> Assigned task
Your reply should reproduce each line below exactly and carry none of the pictures.

> Given data
....

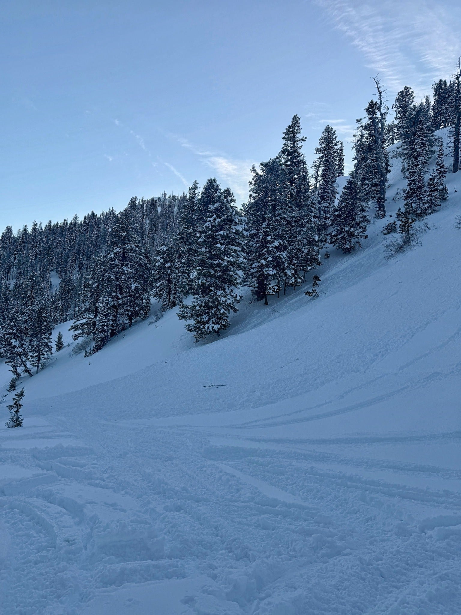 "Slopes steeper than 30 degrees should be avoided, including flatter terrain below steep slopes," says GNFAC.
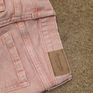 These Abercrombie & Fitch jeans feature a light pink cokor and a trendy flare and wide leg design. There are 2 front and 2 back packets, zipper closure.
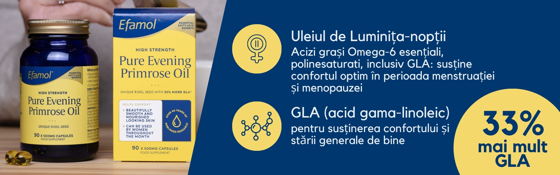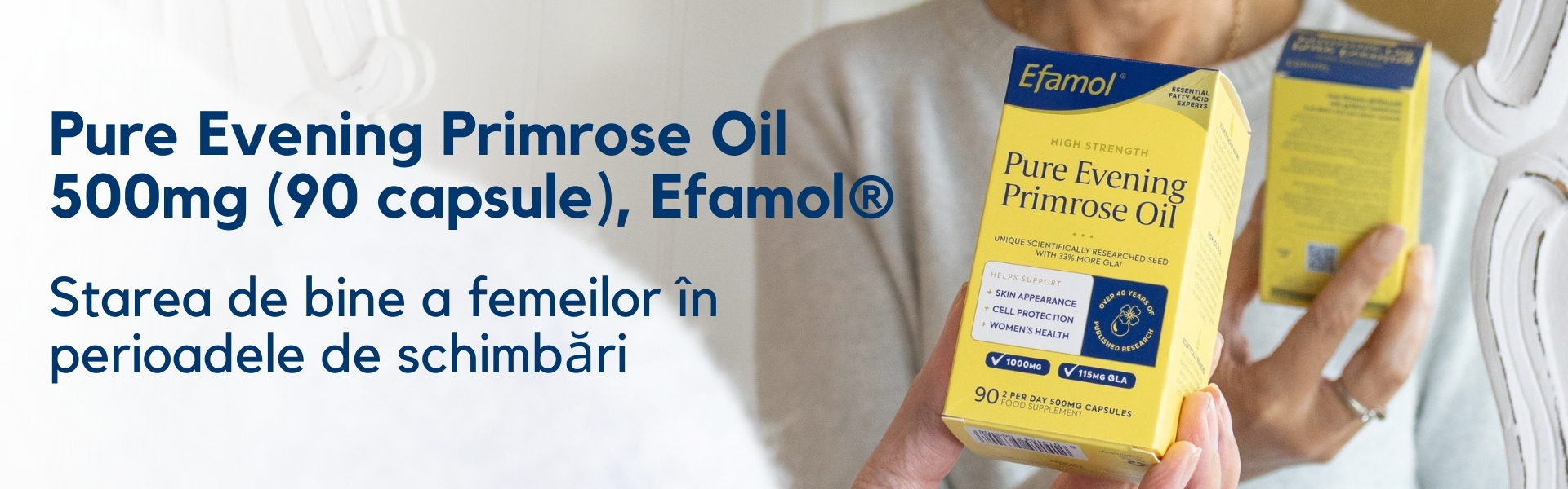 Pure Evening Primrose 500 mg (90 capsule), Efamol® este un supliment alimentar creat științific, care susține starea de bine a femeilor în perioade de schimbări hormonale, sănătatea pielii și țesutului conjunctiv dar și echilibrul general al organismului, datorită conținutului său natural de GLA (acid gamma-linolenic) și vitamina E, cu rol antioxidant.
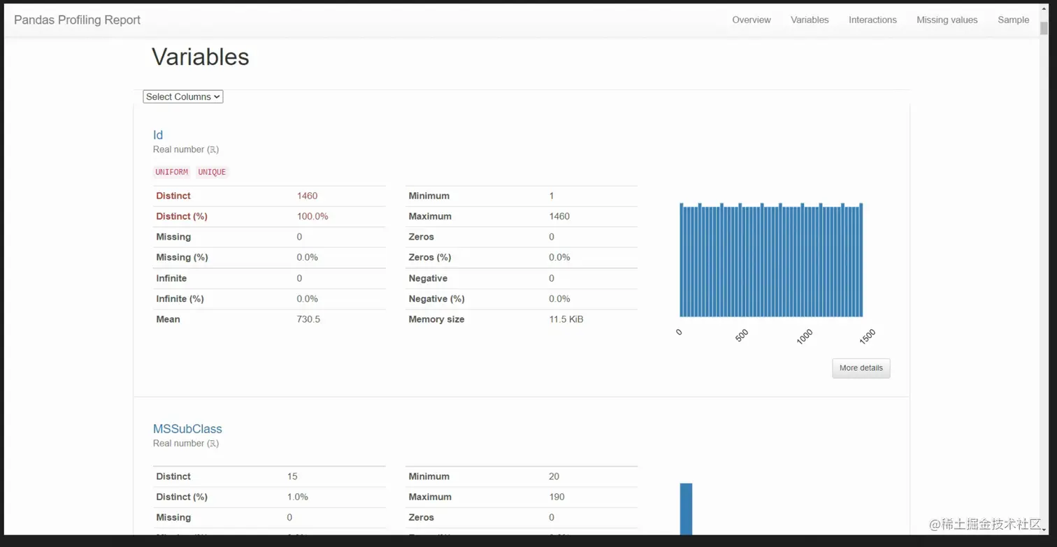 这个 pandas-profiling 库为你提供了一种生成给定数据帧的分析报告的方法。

....

> Exercise output
 "Slopes steeper than 30 degrees should be avoided, including flatter terrain below steep slopes," says GNFAC.
 These Abercrombie & Fitch jeans feature a light pink cokor and a trendy flare and wide leg design. There are 2 front and 2 back packets, zipper closure.
 Pure Evening Primrose 500 mg (90 capsule), Efamol® este un supliment alimentar creat științific, care susține starea de bine a femeilor în perioade de schimbări hormonale, sănătatea pielii și țesutului conjunctiv dar și echilibrul general al organismului, datorită conținutului său natural de GLA (acid gamma-linolenic) și vitamina E, cu rol antioxidant.
 这个 pandas-profiling 库为你提供了一种生成给定数据帧的分析报告的方法。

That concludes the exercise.